The Facebook Controversy: Privacy Is Not the Issue

April 18, 2018

181

The real danger is that the information and social platforms on the internet are being corrupted in the service of con men, political demagogues and thieves
Cambridge Analytica’s wholesale scraping of Facebook user data is familiar news by now, and we are all “shocked” that personal data are being shared and traded on a massive scale. But the real issue with social media is not the harm to individual users whose information was shared, but the sophisticated and sometimes subtle mass manipulation of social and political behavior by bad actors, facilitated by deceit, fraud and the amplification of lies that spread easily through societal discourse on the internet.
Any pretense to privacy was abandoned long ago when we accepted the free service model of Google, Facebook, Twitter and others. Did the Senators who listened to Mark Zuckerberg’s mea culpa last week really think that Facebook, which charges nothing for its services to users, was simply providing a public service for free? Where did they think its $11 billion in advertising revenue came from, if not from selling ads and user data to advertisers?
Let’s identify the real issue. The tangible damage resulting from identity theft and the loss of personal financial information are growing problems, but they typically are not caused by our use of social media platforms, where we share a lot of information—but rarely our credit card or Social Security numbers.
The controversy about Cambridge Analytica that landed Zuckerberg before Congress actually began brewing over a year ago. It was a controversy not about privacy but about how Cambridge Analytica put vast amounts of personal data, mostly from Facebook, into its so-called “psychographic” engine to influence behavior at the individual level (see When the Big Lie Meets Big Data, published here in March of 2017).

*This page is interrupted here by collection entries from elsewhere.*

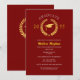 En förfinad och elegant examensfestinbjudan har en djup röd burgunderbakgrund, inkluderar en gyllene lagerkrans och examenshattik ikon och stilfull typografi. Baksidan har en lagerkrans och en examenshattik ikon. Detta kort utstrålar sofistikering och är perfekt för en formell firande. Anpassa med din egen text och festadress och fira din examensfest.
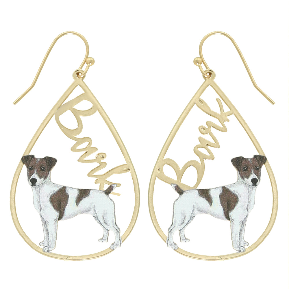 "BARK" OPEN TEARDROP JACK RUSSELL DOG DANGLE AND DROP FISH HOOK EARRINGS IN GOLD TONE METAL
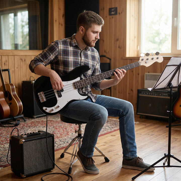 Featuring 4 steel strings and smooth finish, the bass offers a comfortable and enjoyable playing experience. The dual pickup system ensures a versatile range of tones, allowing players to explore different sounds and styles effortlessly. Open-gear tuners bring precise tuning stability, making practice and performance more productive. Additionally, the complete bass guitar set comes with all essential accessories, including a gig bag, guitar cable, shoulder strap, rope, and 3 picks. Whether you're just picking up the bass or upgrading to a full-size instrument, our right-handed bass guitar kit will be a perfect choice. You can use it to join in office leisure activities, school performances, or band shows. Bullet Point: Excellent Performance: The 45.5 inch electric bass guitar provides rich and deep tones through double pickups, ensuring great sound quality for various music styles. Plus, 4 steel strings allow for better playing experience for both practice and performance.Easy to Adjust Sound: There are 2 knobs for tone adjustment and volume adjustment, allowing you to customize the sound. Moreover, chrome-plated tuning pegs are designed with a 21:1 gear ratio to improve tuning accuracy.Exquisite Craftsmanship: The bass guitar features a maple wood neck, a technical wood fingerboard, and a poplar body for outstanding stability and long-lasting reliability. It will accompany you for years to come.Complete Kit for Easy Use: The bass guitar kit includes everything you need to get started, such as a cable, a rope, a shoulder strap, a truss rod, a wrench, and 3 picks. Note: The color of the picks may vary. It also comes with a gig bag for easy carrying.Ideal Beginner Bass Guitar: Perfect for both beginners and professional bassists, the right-handed electric bass guitar offers smooth playability and a balanced feel. Ergonomic design and smooth painted surface enable beginners to comfortably play the bass guitar. It is suitable for music teaching, band show, or school performance. Specification: Color: Blue + White/ Black + WhiteMaterial: Metal, Maple Wood, Technical Wood, PoplarProduct Dimensions of Bass Guitar: 117 x 32.5 x 5.5 cm (L x W x H)Size of Gig Bag: 122 x 40 cm(L x W)Net Weight: 4.5 kgBox QTY: 1(May vary by batch)Is Assembly Required: Yes Package Includes: 1 x Bass Guitar1 x Gig Bag1 x Cable1 x Shoulder Strap1 x Rope1 x Truss Rod1 x Wrench3 x Picks

Cambridge Analytica worked with researchers from Cambridge University who developed a Facebook app that provided a free personality test, then proceeded to scoop up all the users’ Facebook data plus that of all their friends (thus leveraging the actual users, who numbered less than a million, to harvest the data of more than 80 million people). Using this data, Cambridge Analytica then classified each individual’s personality according to the so-called “OCEAN” scale (Openness, Conscientiousness, Extroversion, Agreeableness and Neuroticism) and fashioned individually targeted messages to appeal to each person’s personality.
Neither subpoenas nor investigative journalists were needed to find all this out—most of it was publicly revealed by Cambridge Analytica’s chief Alexander Nix in a marketing presentation that received wide distribution on YouTube. Cambridge Analytica (owned partly by Robert Mercer, an early pioneer in artificial intelligence who has been a financial backer of Breitbart News and other right-wing causes) had already done work for the Trump Campaign, and Nix was seeking more business.

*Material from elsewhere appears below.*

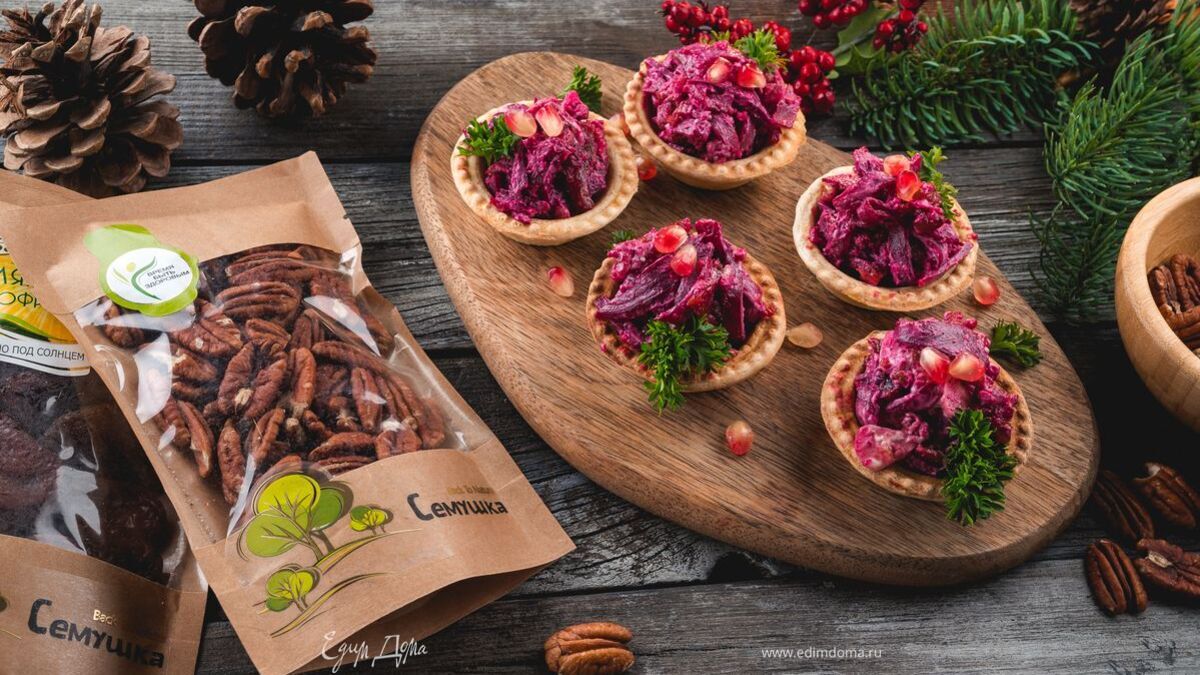 Салат из свеклы, пекана и красной сливы в тарталетках
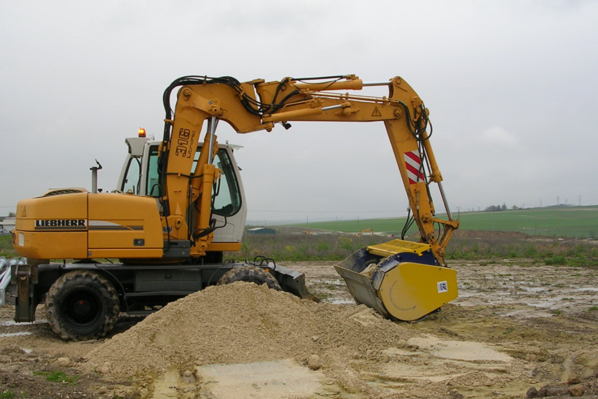 Les godets malaxeurs Warzée BB1510 sont adaptables sur de nombreux types d’engins (chargeuses ou pelles).

The real danger revealed by the Cambridge Analytica scandal is that the information and social platforms of the internet, on which we increasingly spend our time and through which more and more of our personal and social connections flow, are being corrupted in the service of con men, political demagogues and thieves. Russia’s troll farm, the Internet Research Agency, employs fake user accounts to post divisive messages, purchase political ads, spread fabricated images and even organize political rallies.
The danger of misinformation is not just political; it is commercial as well. Major purchasers of internet advertising know that the “pay per click” model is flawed. Competitors can set up bots (or even human campaigns) to click on their ads, driving up their costs and casting doubt on the value of an advertising campaign. The company Devumi sells Twitter followers and retweets to celebrities and businesses in order to make them appear more popular than they are. The followers are fake, cobbled together in automated fashion by scraping the social media web for names and photos.

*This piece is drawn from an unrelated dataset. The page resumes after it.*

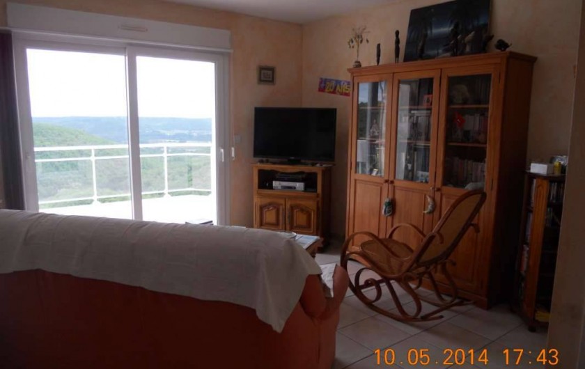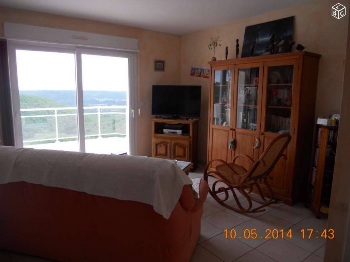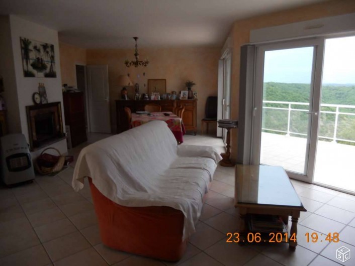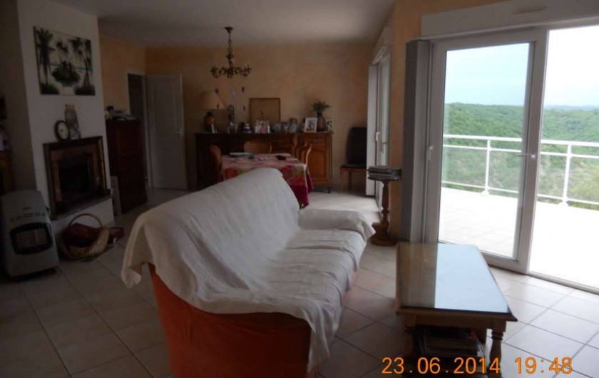 Grand salon avec terrasse extérieur en partie couverte plein sud donnant sur la vallée .

Until Zuckerberg’s decision to testify before Congress, there was scant evidence that Twitter or Facebook were disturbed about any of this. Still, there are a number of machine learning tools that can be used to identify fake accounts or activity.
Benford’s Law
In 2015, a University of Maryland professor, Jen Golbeck, discovered an ingenious real-time method for identifying fake social media accounts. She found that the number of a user’s Twitter or Facebook friends follows a well-known statistical distribution called Benford’s Law. The law states that, in a conforming data set, the first significant digit of numbers is a “1” about 30 percent of the time—six times more often than it’s a 9. The phenomenon, which is quite widespread, is named after physicist Frank Benford, who illustrated it with the surface areas of rivers, street addresses, numbers appearing in a Reader’s Digest issue, and many more examples.
In other words, if you looked at (say) a thousand Facebook users and counted how many friends each had, roughly 300 of them would have friend counts in the teens (1x), 100–199 range (1xx) or 1,000–1,999 range (1xxx). Only 5 percent would have counts beginning with a nine: 9,90–99,900–999,9,000–9,999.
We can represent each Facebook, Twitter or other social media user as a network of linked users. A plot of an individual user’s links to other users might look like the figure below:
To assess whether a user is genuine, we can look at each of that user’s friends, and count their friends or followers. Specifically:
1. Consider a friend or follower of the account in question.
2. Count its followers/friends (“friend of friend”); record.
3. Repeat for all the remaining friends/followers of the original account.
4. Calculate the distribution of those “friend of friend” counts.
Russian Bots Were Revealed, Yet Stayed Online
Golbeck found that the overwhelming majority of Facebook, Twitter and other social media follower and friend counts followed Benford’s Law. On Twitter, however, she found a small set of 170 accounts whose follower distributions differed markedly from that law. In her 2015 paper she wrote:
“Some accounts were spam, but most were part of a network of Russian bots that posted random snippets of literary works or quotations, often pulled arbitrarily from the middle of a sentence. All the Russian accounts behaved the same way: following other accounts of their type, posting exactly one stock photo image, and using a different stock photo image as the profile picture.”
Golbeck told me that she and others posted lists of Russian bots active on Twitter three years ago, and they were still active as of January in this year.